|
|
Modale bepalingen
|
[ 21·3·2·3 ]
|
|
Op de eerste zinsplaats kan men ook nog allerlei modale bijwoorden of
uitdrukkingen aantreffen, zoals de gecursiveerde gedeelten in:
|
(1)
|
Waarschijnlijk |heeft| hij gisteren een ongeluk gehad.
|
|
(2)
|
Natuurlijk |zou| ik die artikelen eerst grondig door moeten
nemen.
|
|
(3)
|
Gelukkig |zijn| we nog op tijd kunnen vertrekken.
|
|
(4)
|
Naar mijn gevoel |mogen| ze daarmee ophouden.
|
|
(5)
|
Volgens hem |had| Ad dat niet mogen zeggen.
|
Bij dit soort bepalingen is plaatsing vooraan onafhankelijk van de
informatieve geleding van (de rest van) de zin zelf.
Dergelijke bepalingen kunnen de hele zin onder hun bereik hebben of een
deel daarvan. (Voor de notie bereik zie men
.) Men heeft de neiging de modale bepaling hoe dan ook alleen te betrekken op het
informatief belangrijkste element. In zinnen met een gewone links-rechts-volgorde
is dat een element rechts in de zin. In voorbeeld
(1), met een accent op óngeluk, wordt het
'(gehad) hebben van een ongeluk' als informatief belangrijk voorgesteld.
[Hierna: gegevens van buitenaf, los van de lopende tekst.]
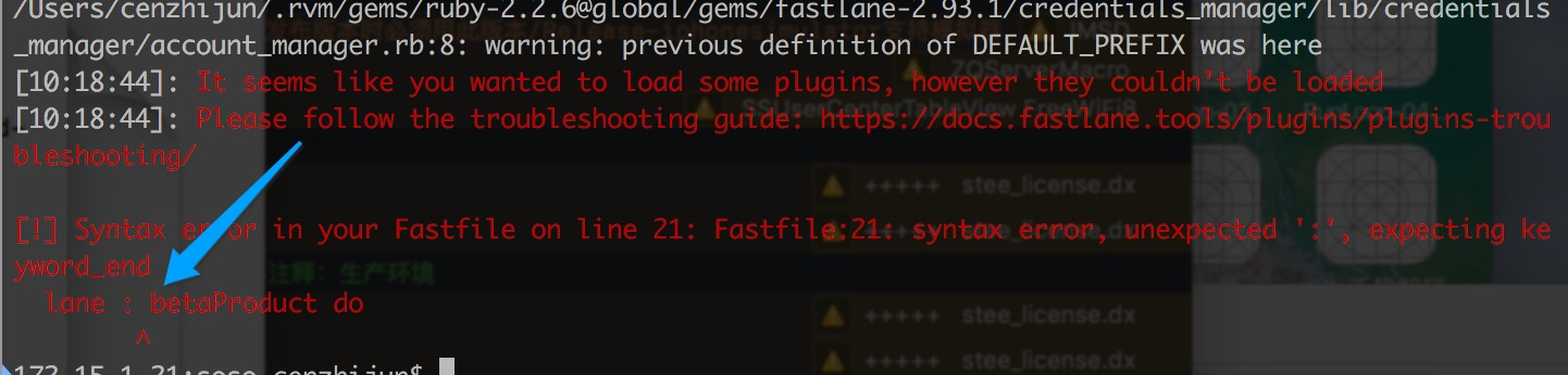 我原先看文档,看到有人将Gemfile和Gemfile.lock文件拖到fastlane文件夹里面了,但是自动生成的话是在这个文件夹外面的,但是我想着放到一个文件夹里面方便管理,就这样报错了,所以记住,它生成在哪你就放在哪就行。
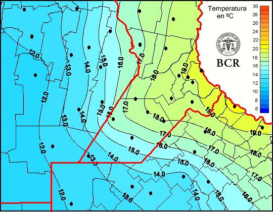 Mapa de temperaturas medias de las las últimas 24 horas.
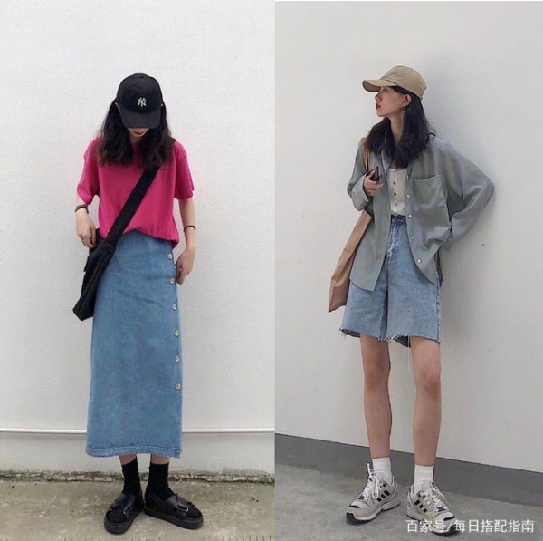 牛仔元素的单品是突出休闲简约风尚的一种经典代表,短裤或者半裙则充满着个性特色。半身裙上点缀精巧的纽扣,散发潮酷前卫风潮。毛边短裤自带清爽灵动感,闲适又洒脱。纯色短袖或者吊带衫与衬衫叠穿造型与牛仔夏装的结合都很闲适优雅。浅色的造型更适合搭配浅色棒球帽,亮色系的T恤都需要深色棒球帽进行修饰,潮酷高阶,特别拉风。
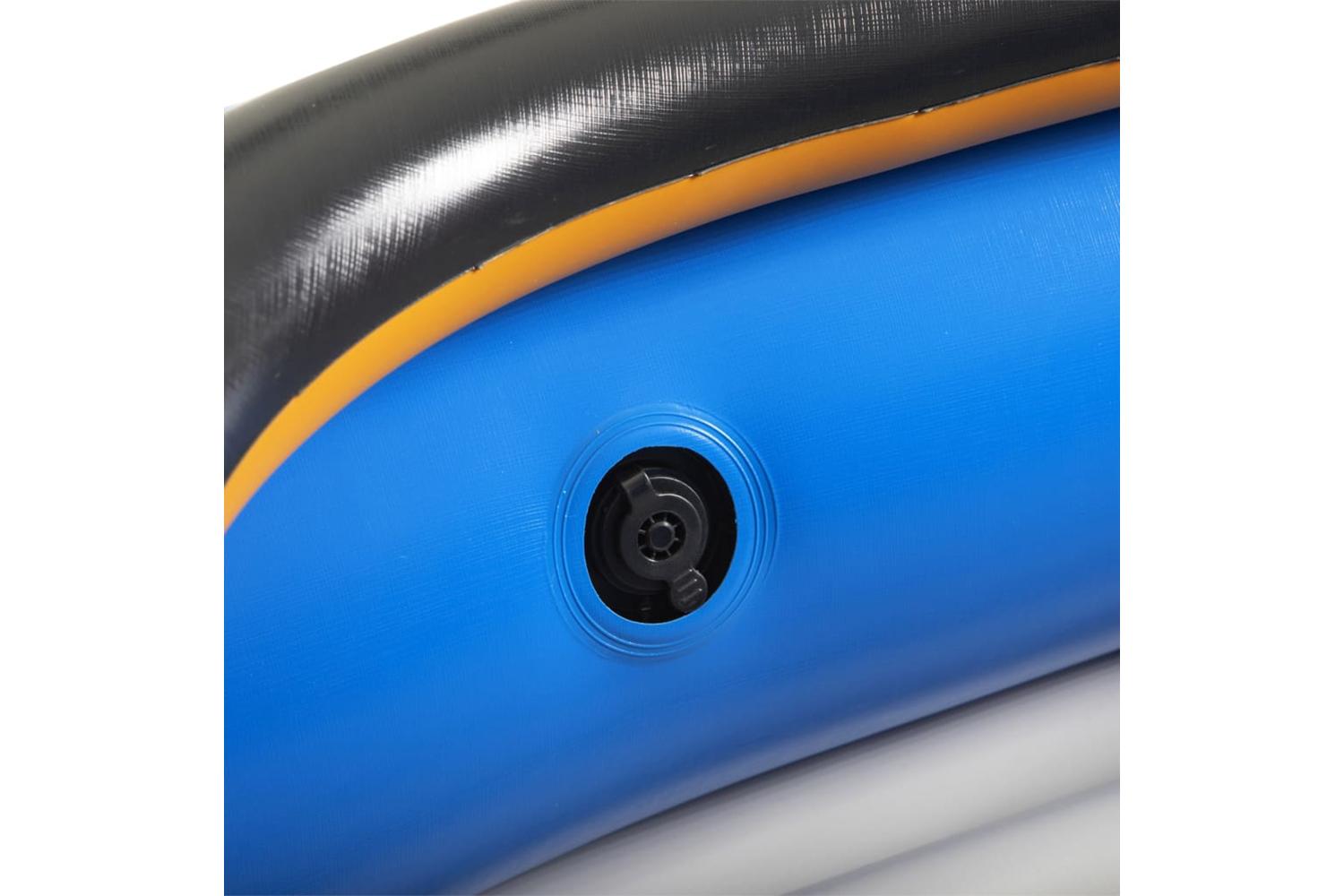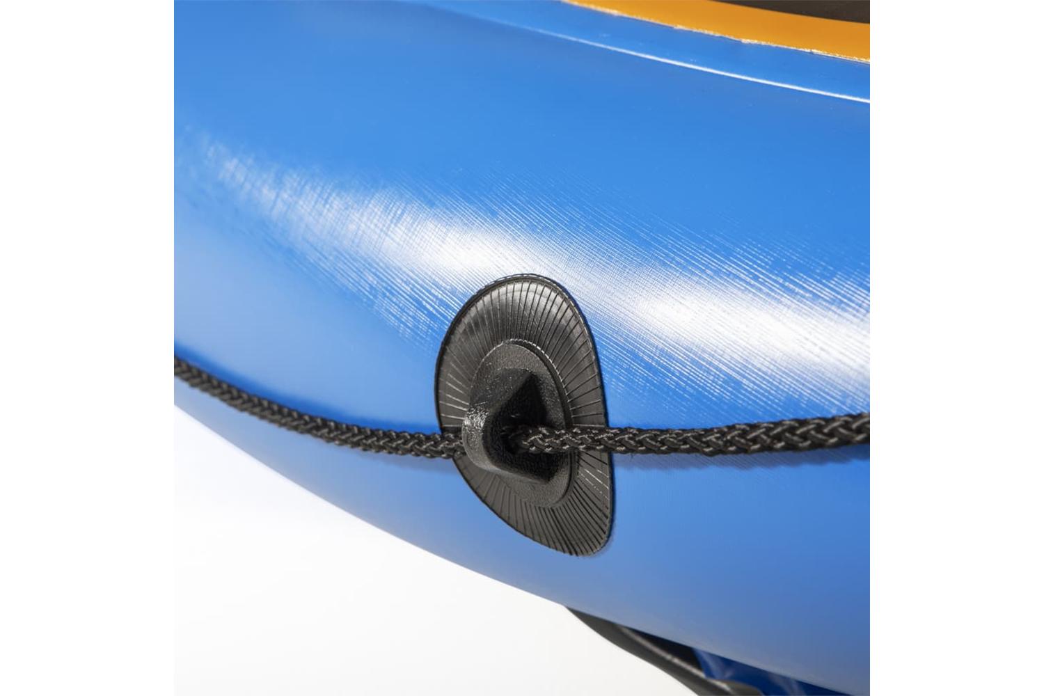 Heavy duty PVC construction provides durable protection from punctures and screw safety valve is guaranteed not to leak. This kayak features a lightweight, easy to carry design with an open cockpit for easy entry and exit. The inflatable seat and floor provide you with ultimate comfort in smooth steering. The removable pin at the bottom adds to the kayak's directional stability. The wrap around grab ropes make it handy to grab the kayak when you are in the kayak or to transport it. Additionally, hand pump is included for you to inflate in few minutes.

Toch kan men stellen dat waarschijnlijk de hele zin onder zijn
bereik heeft. Vergelijk daarmee:
|
(6)
|
Waarschijnlijk |heeft| hij dat ongeluk gísteren gehad.
|
waar de tijdsbepaling als informatief belangrijkste element voorgesteld
wordt en gísteren een accent krijgt. Hier valt alleen dat
laatste element onder het bereik van waarschijnlijk.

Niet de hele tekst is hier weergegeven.